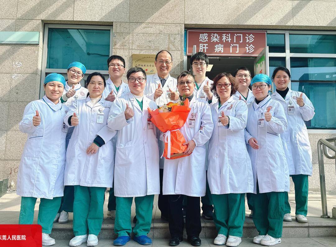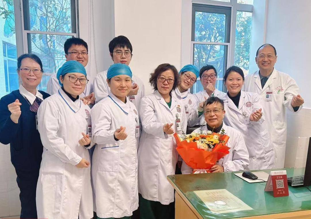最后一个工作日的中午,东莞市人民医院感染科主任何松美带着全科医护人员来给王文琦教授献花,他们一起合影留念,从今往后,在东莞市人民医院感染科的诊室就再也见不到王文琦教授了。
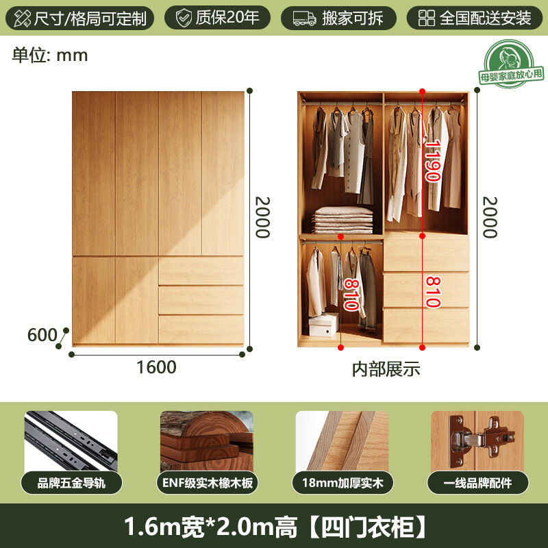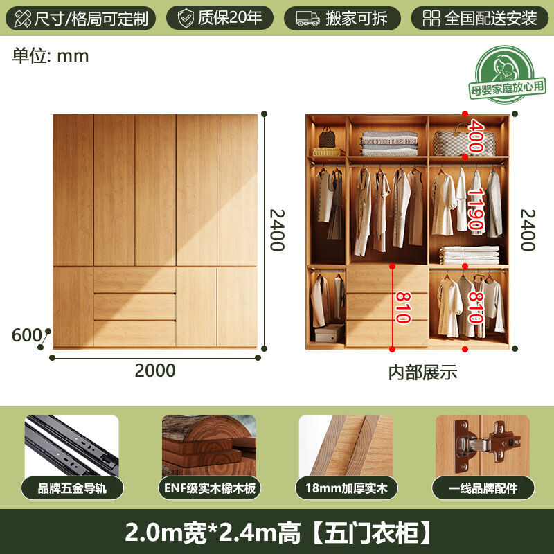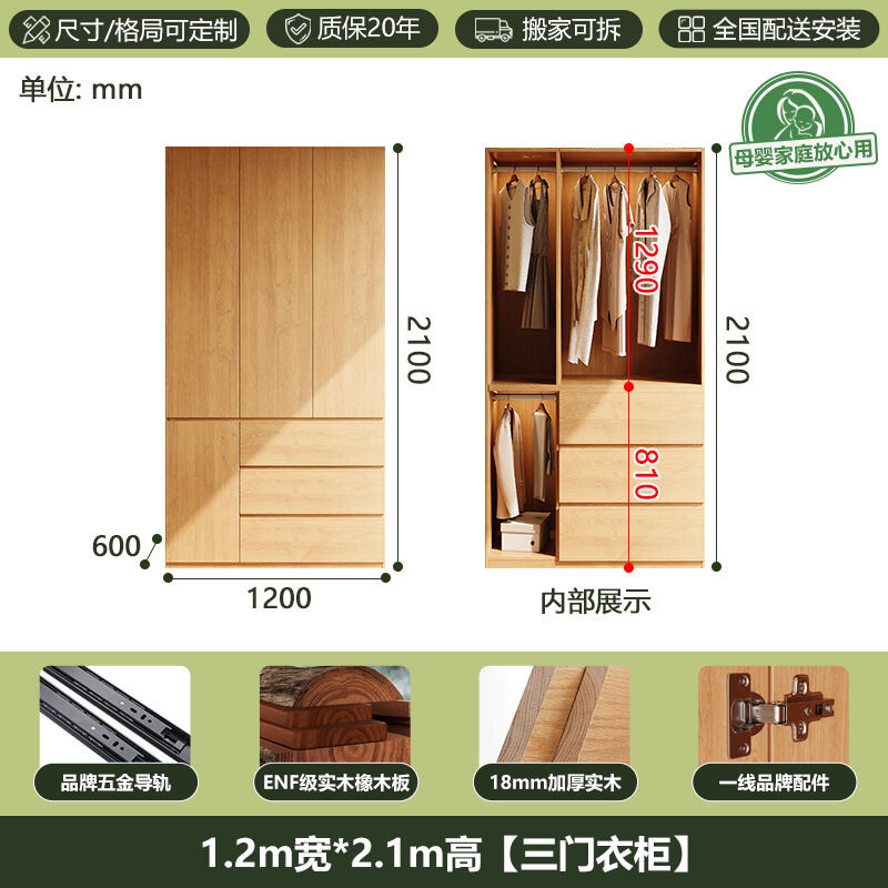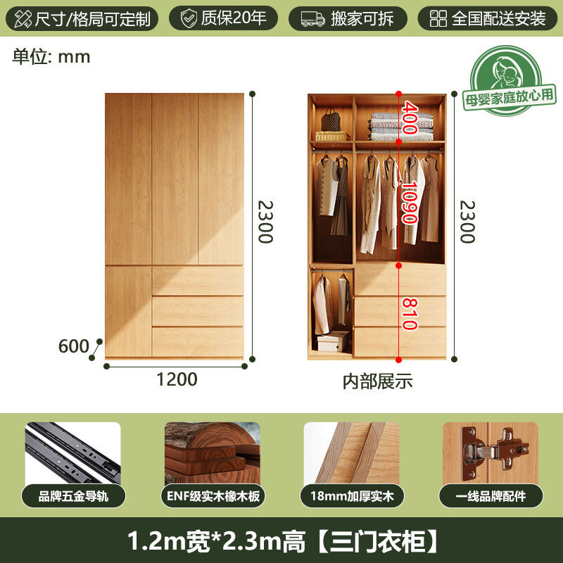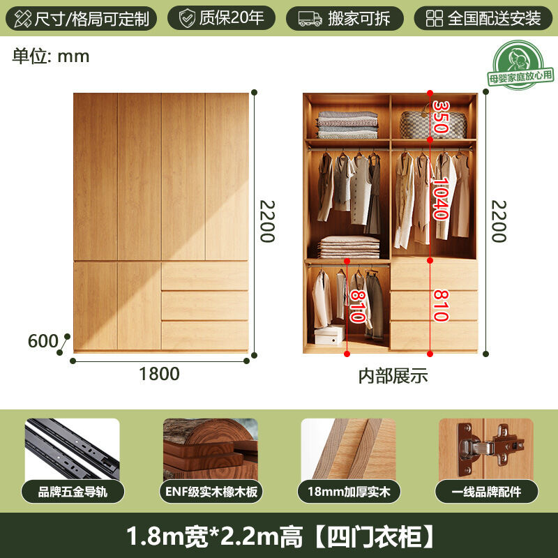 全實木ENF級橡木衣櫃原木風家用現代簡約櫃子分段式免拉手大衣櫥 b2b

* * *

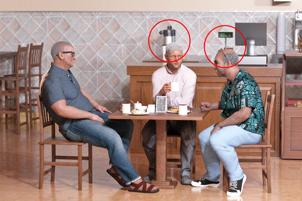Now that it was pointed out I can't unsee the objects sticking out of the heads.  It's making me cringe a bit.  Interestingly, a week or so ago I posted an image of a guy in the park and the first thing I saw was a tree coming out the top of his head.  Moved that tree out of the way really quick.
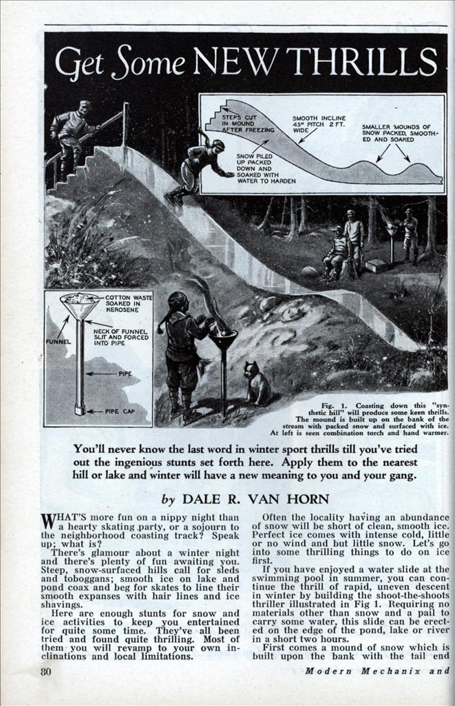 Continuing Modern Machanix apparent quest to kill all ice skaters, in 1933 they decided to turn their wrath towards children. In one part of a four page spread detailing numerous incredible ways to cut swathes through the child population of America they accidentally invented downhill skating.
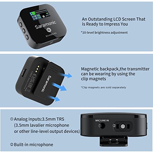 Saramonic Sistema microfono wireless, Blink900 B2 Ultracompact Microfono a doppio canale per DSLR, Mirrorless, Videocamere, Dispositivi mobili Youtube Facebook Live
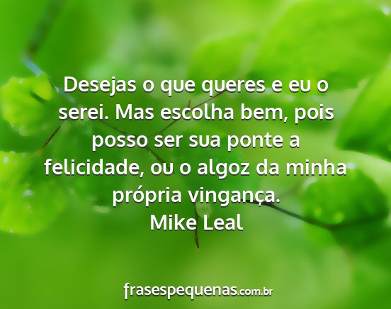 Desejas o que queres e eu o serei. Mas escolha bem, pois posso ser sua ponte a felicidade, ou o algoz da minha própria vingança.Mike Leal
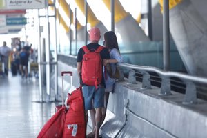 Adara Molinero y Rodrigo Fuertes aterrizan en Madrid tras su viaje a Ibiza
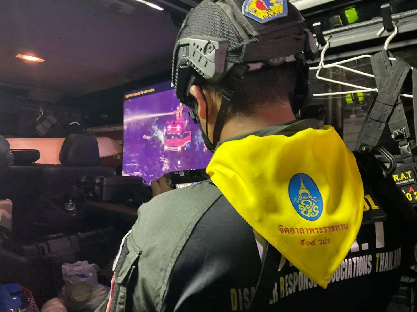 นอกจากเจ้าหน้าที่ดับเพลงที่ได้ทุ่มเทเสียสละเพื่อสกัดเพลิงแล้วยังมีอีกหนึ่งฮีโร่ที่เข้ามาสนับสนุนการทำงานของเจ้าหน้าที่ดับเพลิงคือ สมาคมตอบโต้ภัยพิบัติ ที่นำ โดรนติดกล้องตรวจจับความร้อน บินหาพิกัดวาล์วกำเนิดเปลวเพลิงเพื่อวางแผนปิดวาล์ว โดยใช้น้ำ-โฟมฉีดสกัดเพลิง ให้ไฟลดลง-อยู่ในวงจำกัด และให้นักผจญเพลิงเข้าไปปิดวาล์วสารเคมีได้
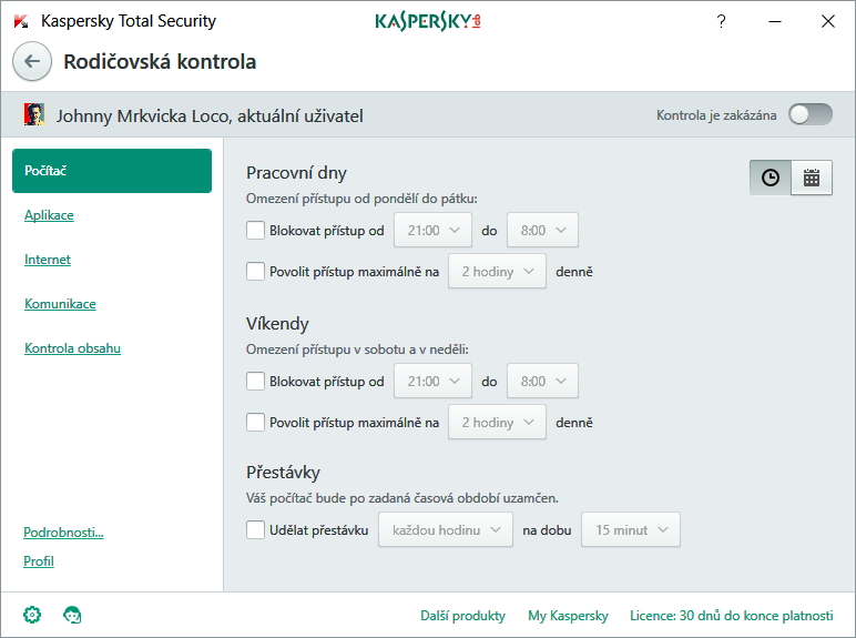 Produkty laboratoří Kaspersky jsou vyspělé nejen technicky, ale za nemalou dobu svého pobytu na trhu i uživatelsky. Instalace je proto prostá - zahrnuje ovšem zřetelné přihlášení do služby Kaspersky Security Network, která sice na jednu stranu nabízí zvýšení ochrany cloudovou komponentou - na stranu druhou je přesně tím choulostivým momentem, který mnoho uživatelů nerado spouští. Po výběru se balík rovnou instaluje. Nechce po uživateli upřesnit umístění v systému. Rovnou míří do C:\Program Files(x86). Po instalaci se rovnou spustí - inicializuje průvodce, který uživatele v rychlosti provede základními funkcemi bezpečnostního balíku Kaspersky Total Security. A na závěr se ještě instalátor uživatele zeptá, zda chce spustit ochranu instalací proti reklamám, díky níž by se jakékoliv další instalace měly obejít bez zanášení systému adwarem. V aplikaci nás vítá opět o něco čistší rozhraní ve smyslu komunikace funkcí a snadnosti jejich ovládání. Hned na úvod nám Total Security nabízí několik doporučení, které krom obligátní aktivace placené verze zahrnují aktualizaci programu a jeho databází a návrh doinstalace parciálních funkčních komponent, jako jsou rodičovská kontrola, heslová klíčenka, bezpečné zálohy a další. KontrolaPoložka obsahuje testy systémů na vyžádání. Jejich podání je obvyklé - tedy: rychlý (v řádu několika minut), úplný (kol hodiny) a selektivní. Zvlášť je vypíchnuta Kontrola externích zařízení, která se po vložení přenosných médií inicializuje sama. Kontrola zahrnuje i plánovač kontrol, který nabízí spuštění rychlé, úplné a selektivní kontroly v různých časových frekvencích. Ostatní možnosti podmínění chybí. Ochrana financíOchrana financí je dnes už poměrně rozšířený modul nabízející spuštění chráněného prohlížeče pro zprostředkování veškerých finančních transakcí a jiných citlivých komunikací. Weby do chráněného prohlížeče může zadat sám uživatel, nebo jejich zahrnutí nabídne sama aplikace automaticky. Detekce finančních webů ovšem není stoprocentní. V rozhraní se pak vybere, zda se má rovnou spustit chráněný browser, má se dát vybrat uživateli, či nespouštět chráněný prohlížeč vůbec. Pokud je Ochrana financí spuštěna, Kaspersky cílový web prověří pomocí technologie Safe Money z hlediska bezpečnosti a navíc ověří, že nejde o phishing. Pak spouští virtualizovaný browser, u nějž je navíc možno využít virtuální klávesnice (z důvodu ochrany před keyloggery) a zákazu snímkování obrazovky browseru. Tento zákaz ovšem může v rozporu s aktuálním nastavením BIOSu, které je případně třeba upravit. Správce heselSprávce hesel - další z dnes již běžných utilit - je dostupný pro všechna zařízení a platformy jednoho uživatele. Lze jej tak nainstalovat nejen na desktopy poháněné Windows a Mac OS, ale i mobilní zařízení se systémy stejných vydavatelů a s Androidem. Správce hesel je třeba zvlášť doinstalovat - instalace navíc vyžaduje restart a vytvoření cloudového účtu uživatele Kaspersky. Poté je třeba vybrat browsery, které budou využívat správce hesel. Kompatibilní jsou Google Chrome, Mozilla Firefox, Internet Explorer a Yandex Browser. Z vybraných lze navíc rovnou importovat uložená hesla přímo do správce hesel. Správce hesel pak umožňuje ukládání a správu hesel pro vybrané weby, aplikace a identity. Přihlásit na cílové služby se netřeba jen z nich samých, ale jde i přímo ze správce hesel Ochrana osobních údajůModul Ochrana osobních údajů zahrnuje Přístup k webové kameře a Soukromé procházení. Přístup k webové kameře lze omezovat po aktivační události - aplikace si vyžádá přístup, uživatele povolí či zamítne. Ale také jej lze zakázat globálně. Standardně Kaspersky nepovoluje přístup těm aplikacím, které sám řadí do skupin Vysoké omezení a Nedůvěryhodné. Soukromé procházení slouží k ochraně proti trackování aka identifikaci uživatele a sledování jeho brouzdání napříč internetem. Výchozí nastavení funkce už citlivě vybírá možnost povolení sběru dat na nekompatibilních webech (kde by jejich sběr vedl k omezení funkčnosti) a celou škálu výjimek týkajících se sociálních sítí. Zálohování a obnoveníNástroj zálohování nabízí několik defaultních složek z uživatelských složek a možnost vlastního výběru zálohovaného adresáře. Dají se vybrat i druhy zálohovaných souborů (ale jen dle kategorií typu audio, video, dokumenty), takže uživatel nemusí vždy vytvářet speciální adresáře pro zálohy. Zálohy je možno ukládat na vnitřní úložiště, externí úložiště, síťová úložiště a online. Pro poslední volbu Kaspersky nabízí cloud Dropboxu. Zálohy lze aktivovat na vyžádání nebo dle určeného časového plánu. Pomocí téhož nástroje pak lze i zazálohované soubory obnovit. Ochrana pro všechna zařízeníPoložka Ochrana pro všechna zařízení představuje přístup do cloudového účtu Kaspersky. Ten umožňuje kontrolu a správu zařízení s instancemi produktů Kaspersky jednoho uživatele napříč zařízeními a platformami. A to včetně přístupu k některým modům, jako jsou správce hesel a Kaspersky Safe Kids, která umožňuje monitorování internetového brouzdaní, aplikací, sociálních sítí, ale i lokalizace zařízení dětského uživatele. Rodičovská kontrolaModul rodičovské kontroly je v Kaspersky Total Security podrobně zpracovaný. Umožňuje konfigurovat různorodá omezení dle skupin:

**THE PROBLEM**
In the data above, take the line with "Saramonic Sistema microfono", the line with "Adara Molinero y", and every line between, and set them down exactly without pictures.

**SOLUTION BELOW**
 Saramonic Sistema microfono wireless, Blink900 B2 Ultracompact Microfono a doppio canale per DSLR, Mirrorless, Videocamere, Dispositivi mobili Youtube Facebook Live
 Desejas o que queres e eu o serei. Mas escolha bem, pois posso ser sua ponte a felicidade, ou o algoz da minha própria vingança.Mike Leal
 Adara Molinero y Rodrigo Fuertes aterrizan en Madrid tras su viaje a Ibiza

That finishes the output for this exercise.